Reproduce every line of the material below exactly. No pictures belong in the copy.

*Material provided*:
== Segment start ==

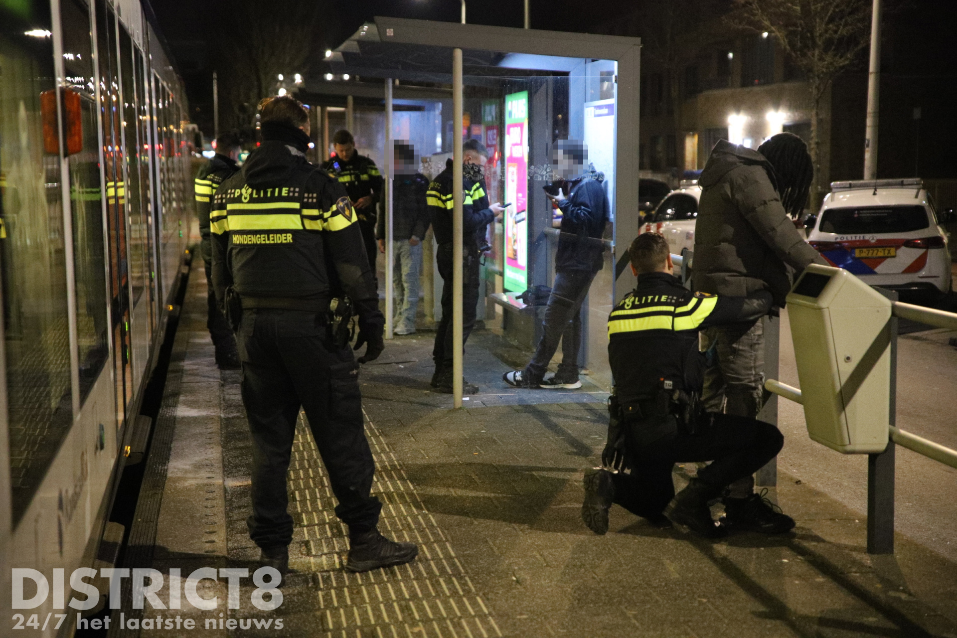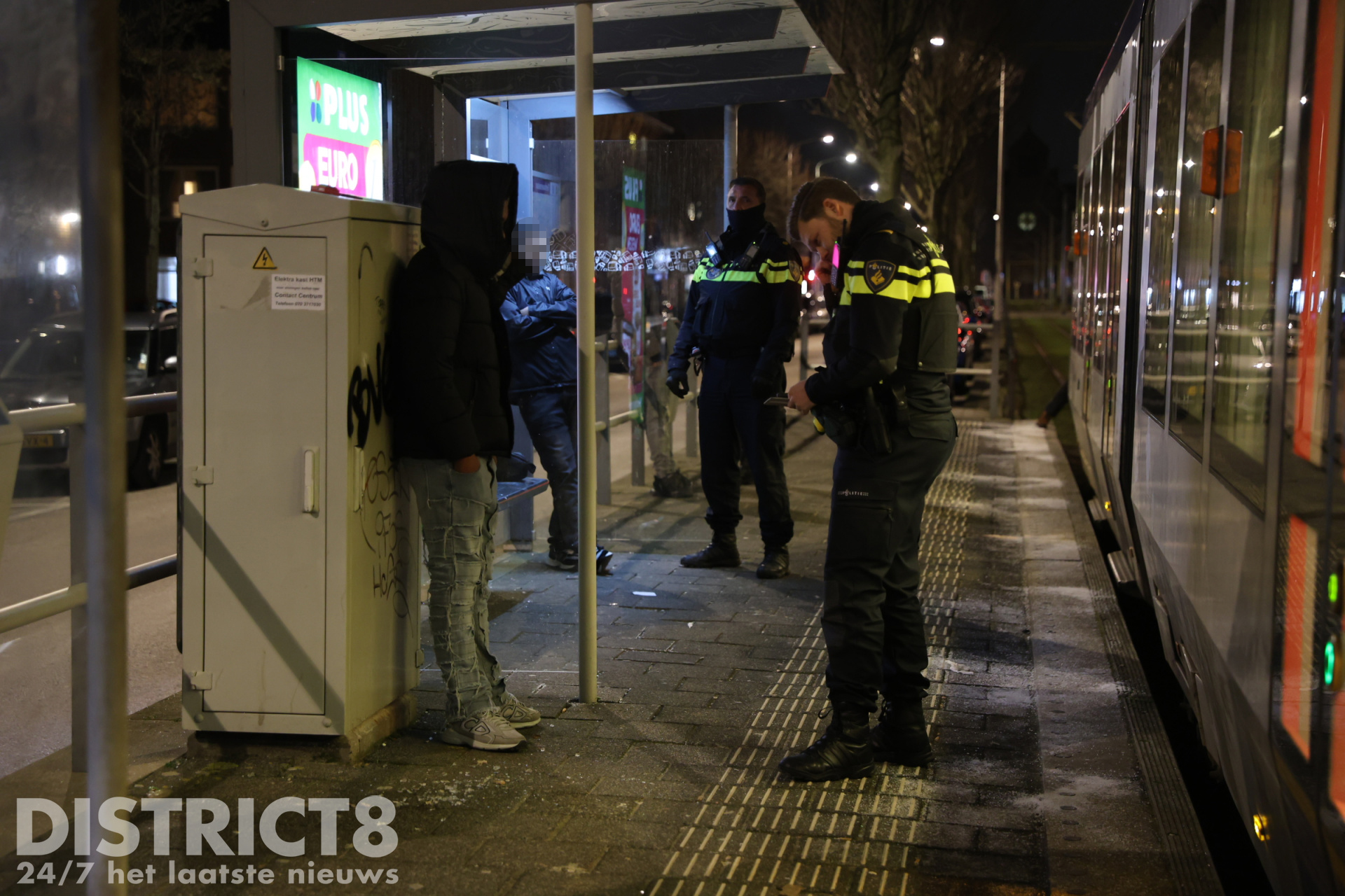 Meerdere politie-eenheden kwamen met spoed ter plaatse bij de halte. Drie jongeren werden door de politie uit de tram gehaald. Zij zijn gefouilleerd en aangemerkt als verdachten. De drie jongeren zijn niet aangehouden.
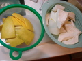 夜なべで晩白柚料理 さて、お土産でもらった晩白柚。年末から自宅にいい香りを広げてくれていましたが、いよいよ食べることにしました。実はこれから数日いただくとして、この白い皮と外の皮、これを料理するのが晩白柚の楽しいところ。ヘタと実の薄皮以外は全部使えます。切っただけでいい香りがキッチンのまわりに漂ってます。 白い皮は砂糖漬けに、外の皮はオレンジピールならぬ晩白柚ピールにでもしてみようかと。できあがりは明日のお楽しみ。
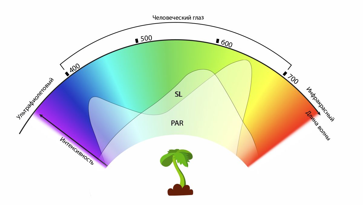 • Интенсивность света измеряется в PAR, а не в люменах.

== Segment end ==

*Solution for this task*:
 Meerdere politie-eenheden kwamen met spoed ter plaatse bij de halte. Drie jongeren werden door de politie uit de tram gehaald. Zij zijn gefouilleerd en aangemerkt als verdachten. De drie jongeren zijn niet aangehouden.
 夜なべで晩白柚料理 さて、お土産でもらった晩白柚。年末から自宅にいい香りを広げてくれていましたが、いよいよ食べることにしました。実はこれから数日いただくとして、この白い皮と外の皮、これを料理するのが晩白柚の楽しいところ。ヘタと実の薄皮以外は全部使えます。切っただけでいい香りがキッチンのまわりに漂ってます。 白い皮は砂糖漬けに、外の皮はオレンジピールならぬ晩白柚ピールにでもしてみようかと。できあがりは明日のお楽しみ。
 • Интенсивность света измеряется в PAR, а не в люменах.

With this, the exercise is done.